What is required: Would you copy every record exactly as it stands and drop the pictures?

(Records from a data collection)
▬▬▬▬▬▬▬▬▬▬

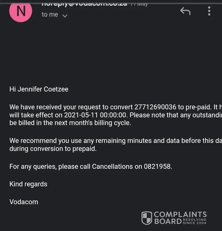 I have been trying to cancel one of my Vodacom contracts since the 29th April 2021 - when it was due to expire. I have phoned the' cancellations Department' 15 times, spoken to different consultants, and they could see from the records I had phoned numerous times, and to date, no cancellation seems to have been done. I have received two e-mails saying that it has been logged to prepaid and will take effect with from 11.05.2021. Yesterday, another e-mail received, which is the same as the previous one with the date now 06.06.2021. I went into a Vodacom Store and they confirmed it has been cancelled.
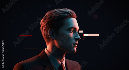© jenangkatul, Obraz premium Pensive Young Man in Dark Suit Profile Futuristic Background
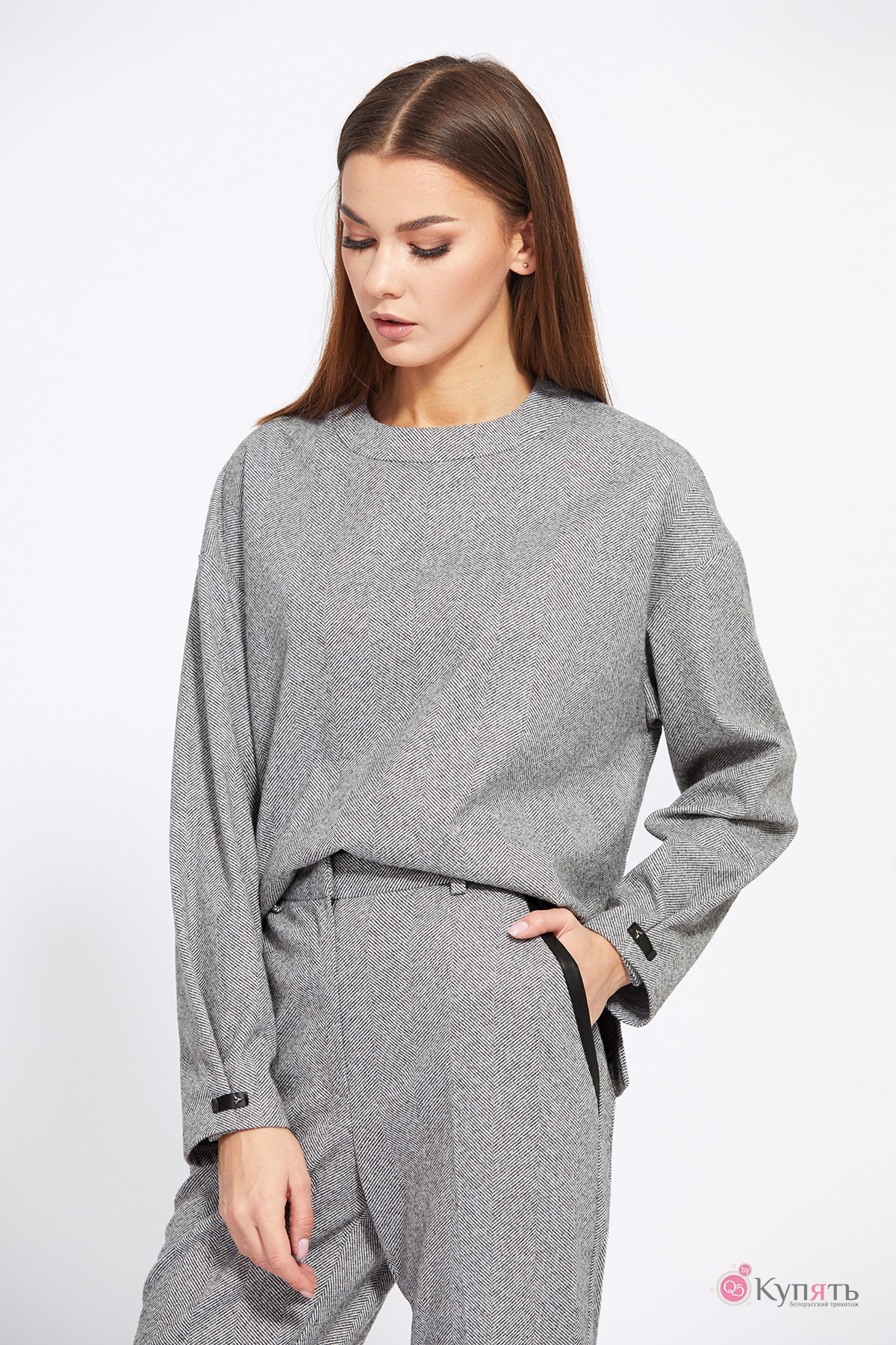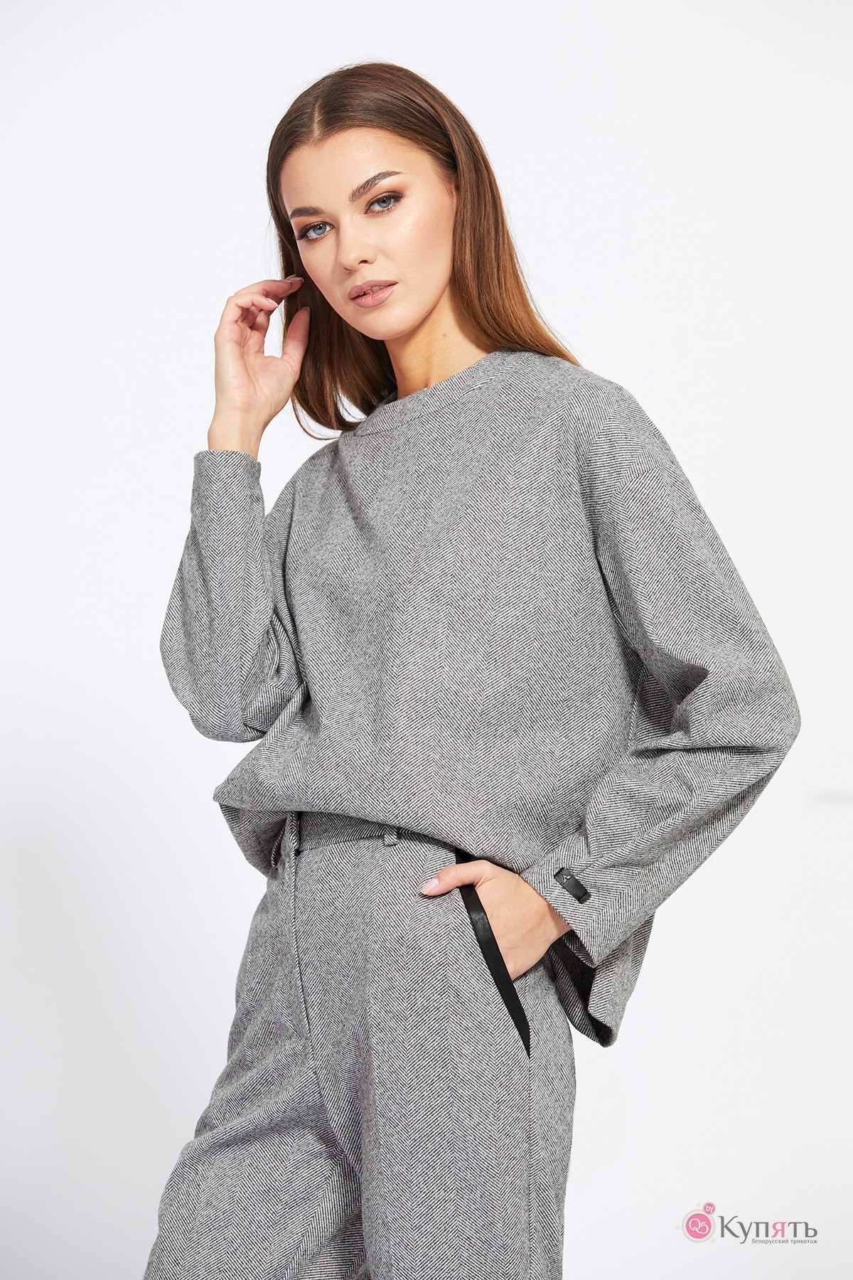 Комплект: джемпер+брюки. Комплект выполнен из трикотажного полотна с рисунком "елочка". Джемпер прямого силуэта, длиной выше линии бедер. Перед и спинка цельные. Застежка сзади сверху на металлическую молнию. Горловина округлой формы, обработана бейкой. Плечевой шов удлинен. Рукав рубашечного покроя, одношовный. Спереди рукава по низу обработана односторонняя складка и пришит декоративный элемент. Спинка джемпера длиннее переда на 4 см, в боковых швах разрезы. Брюки зауженные к низу, на притачном поясе, длиной 7/8. Застежка спереди на молнию с гульфиком, брючный крючок и потайную пуговицу. Спереди боковые карманы с наклонным входом, обработанным широкой окантовкой из эко-кожи. Передние и задние половинки заутюжены на кант.
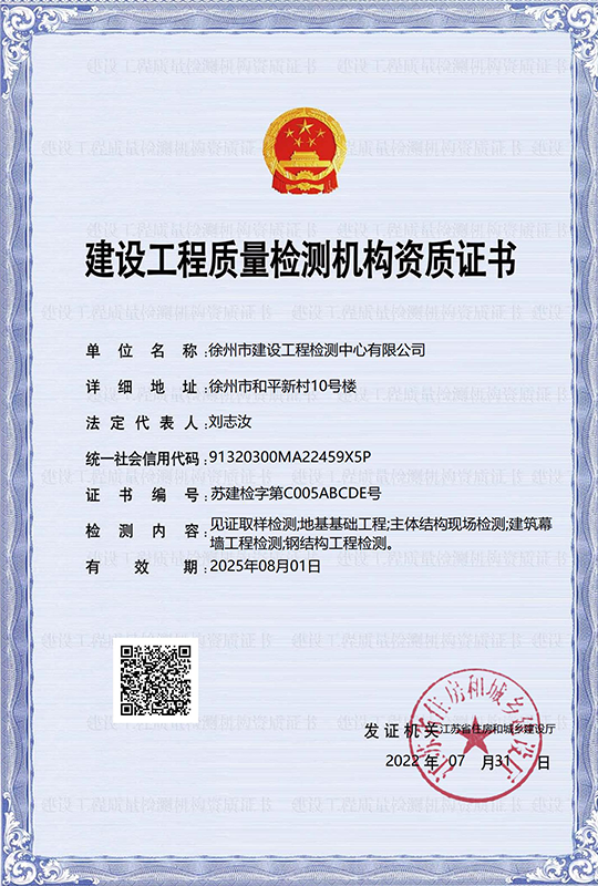 徐州市建設(shè)工程檢測中心有限公司(以下簡稱徐建檢測公司)是徐州市產(chǎn)城發(fā)展集團有限公司(以下簡稱產(chǎn)城集團)的全資子公司。徐建檢測公司前身為徐州市建設(shè)工程檢測中心,2018年事轉(zhuǎn)企改制,2020年4月,完成轉(zhuǎn)企改制資產(chǎn)劃轉(zhuǎn)工作。 徐建檢測公司是集檢測、檢驗、鑒定、咨詢等技術(shù)服務(wù)為一體、具有獨立法人資質(zhì)的綜合性第三方服務(wù)機構(gòu)。公司主要從事建設(shè)工程領(lǐng)域相關(guān)工程質(zhì)量檢測及技術(shù)咨詢服務(wù),業(yè)務(wù)覆蓋地基基礎(chǔ)、建筑材料、建筑結(jié)構(gòu)、鋼結(jié)構(gòu)工程、市政工程、綠色建筑節(jié)能工程、建筑安全與施工設(shè)備、建筑防水、建筑水電、裝飾裝修、建筑物防雷、室內(nèi)環(huán)境、房屋安全鑒定、城市軌道交通工程等專業(yè)領(lǐng)域。......
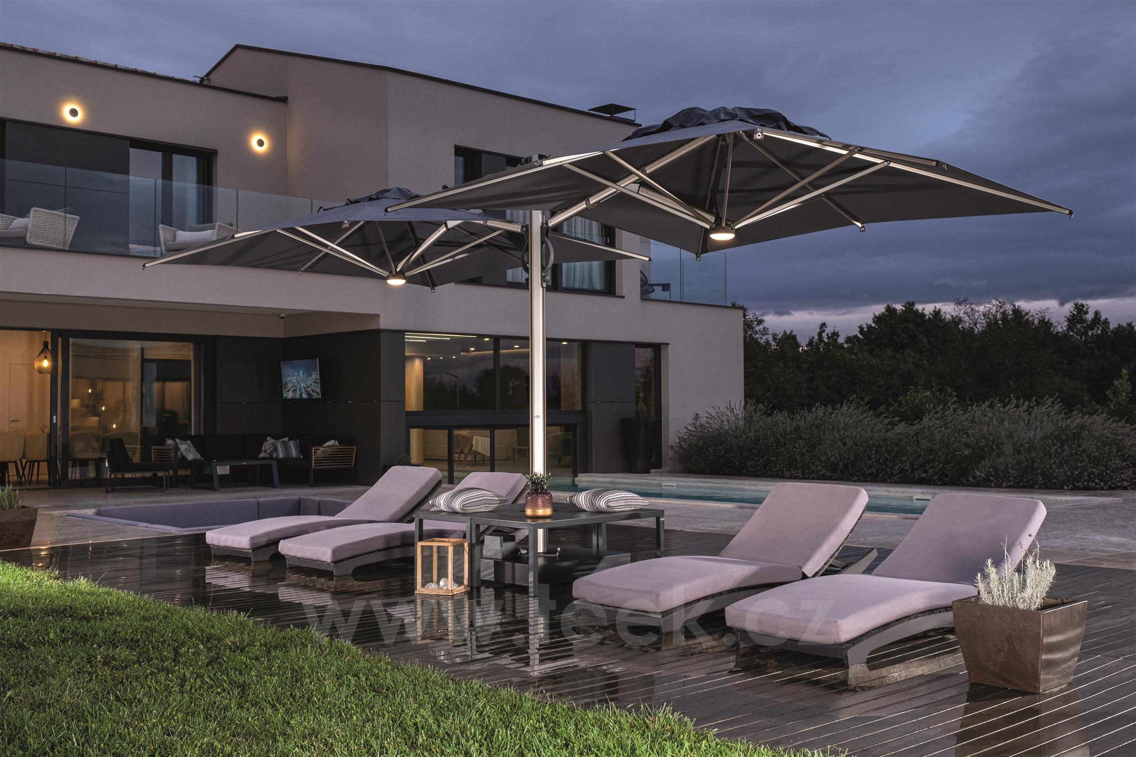 The Italian brand Scolaro's Dual T parasol is a solid parasol with a solid construction.
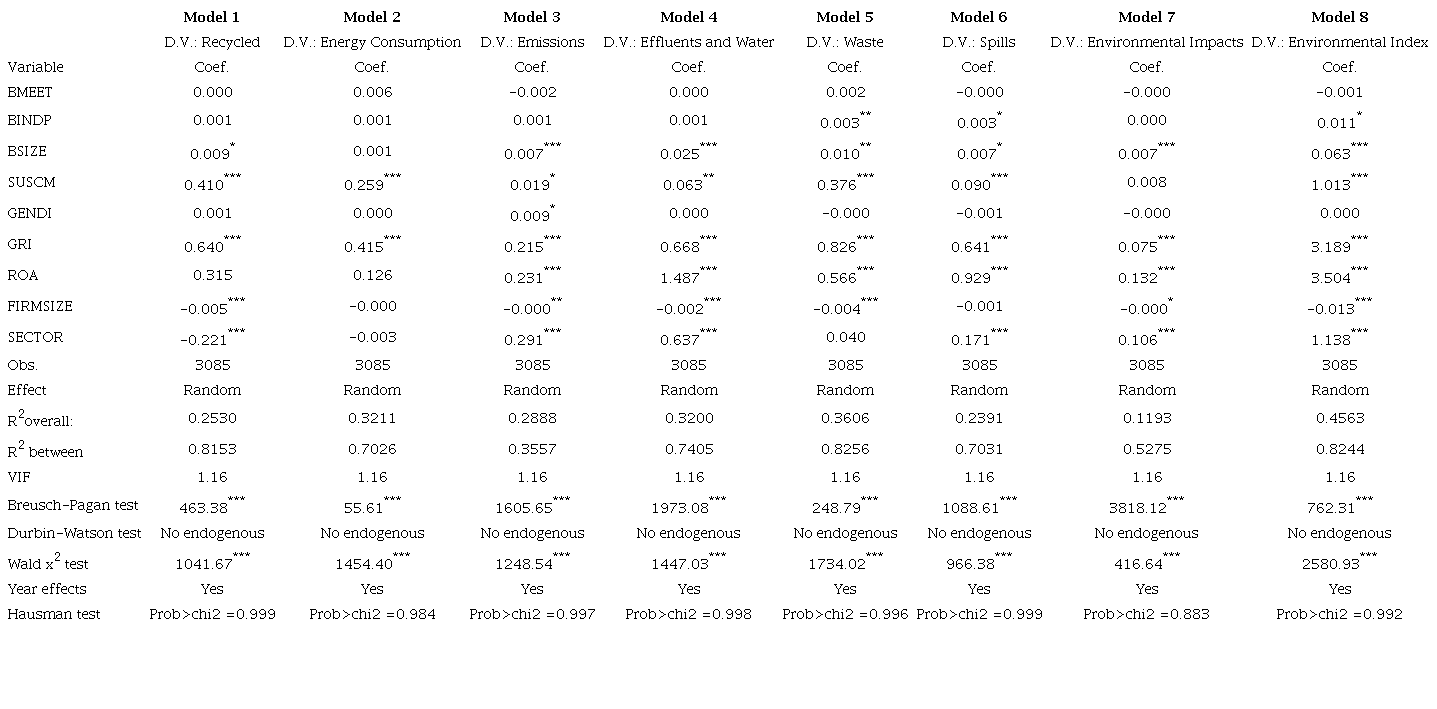 To test the hypotheses developed, we operationalized eight models. First, we segregated the environmental index into eight parts - the eight pillars of environmental disclosure. Except for biodiversity, each pillar was taken as a dependent variable (D.V) in a model. Most companies did not have an extensive disclosure in this environmental pillar, which influenced our tests because when operationalizing the model, the variables were omitted. In Model 8, we present the results for the environmental index. Table 6 shows the results of the multivariate analysis.

▬▬▬▬▬▬▬▬▬▬

Solution to this exercise:
 I have been trying to cancel one of my Vodacom contracts since the 29th April 2021 - when it was due to expire. I have phoned the' cancellations Department' 15 times, spoken to different consultants, and they could see from the records I had phoned numerous times, and to date, no cancellation seems to have been done. I have received two e-mails saying that it has been logged to prepaid and will take effect with from 11.05.2021. Yesterday, another e-mail received, which is the same as the previous one with the date now 06.06.2021. I went into a Vodacom Store and they confirmed it has been cancelled.
© jenangkatul, Obraz premium Pensive Young Man in Dark Suit Profile Futuristic Background
 Комплект: джемпер+брюки. Комплект выполнен из трикотажного полотна с рисунком "елочка". Джемпер прямого силуэта, длиной выше линии бедер. Перед и спинка цельные. Застежка сзади сверху на металлическую молнию. Горловина округлой формы, обработана бейкой. Плечевой шов удлинен. Рукав рубашечного покроя, одношовный. Спереди рукава по низу обработана односторонняя складка и пришит декоративный элемент. Спинка джемпера длиннее переда на 4 см, в боковых швах разрезы. Брюки зауженные к низу, на притачном поясе, длиной 7/8. Застежка спереди на молнию с гульфиком, брючный крючок и потайную пуговицу. Спереди боковые карманы с наклонным входом, обработанным широкой окантовкой из эко-кожи. Передние и задние половинки заутюжены на кант.
 徐州市建設(shè)工程檢測中心有限公司(以下簡稱徐建檢測公司)是徐州市產(chǎn)城發(fā)展集團有限公司(以下簡稱產(chǎn)城集團)的全資子公司。徐建檢測公司前身為徐州市建設(shè)工程檢測中心,2018年事轉(zhuǎn)企改制,2020年4月,完成轉(zhuǎn)企改制資產(chǎn)劃轉(zhuǎn)工作。 徐建檢測公司是集檢測、檢驗、鑒定、咨詢等技術(shù)服務(wù)為一體、具有獨立法人資質(zhì)的綜合性第三方服務(wù)機構(gòu)。公司主要從事建設(shè)工程領(lǐng)域相關(guān)工程質(zhì)量檢測及技術(shù)咨詢服務(wù),業(yè)務(wù)覆蓋地基基礎(chǔ)、建筑材料、建筑結(jié)構(gòu)、鋼結(jié)構(gòu)工程、市政工程、綠色建筑節(jié)能工程、建筑安全與施工設(shè)備、建筑防水、建筑水電、裝飾裝修、建筑物防雷、室內(nèi)環(huán)境、房屋安全鑒定、城市軌道交通工程等專業(yè)領(lǐng)域。......
 The Italian brand Scolaro's Dual T parasol is a solid parasol with a solid construction.
 To test the hypotheses developed, we operationalized eight models. First, we segregated the environmental index into eight parts - the eight pillars of environmental disclosure. Except for biodiversity, each pillar was taken as a dependent variable (D.V) in a model. Most companies did not have an extensive disclosure in this environmental pillar, which influenced our tests because when operationalizing the model, the variables were omitted. In Model 8, we present the results for the environmental index. Table 6 shows the results of the multivariate analysis.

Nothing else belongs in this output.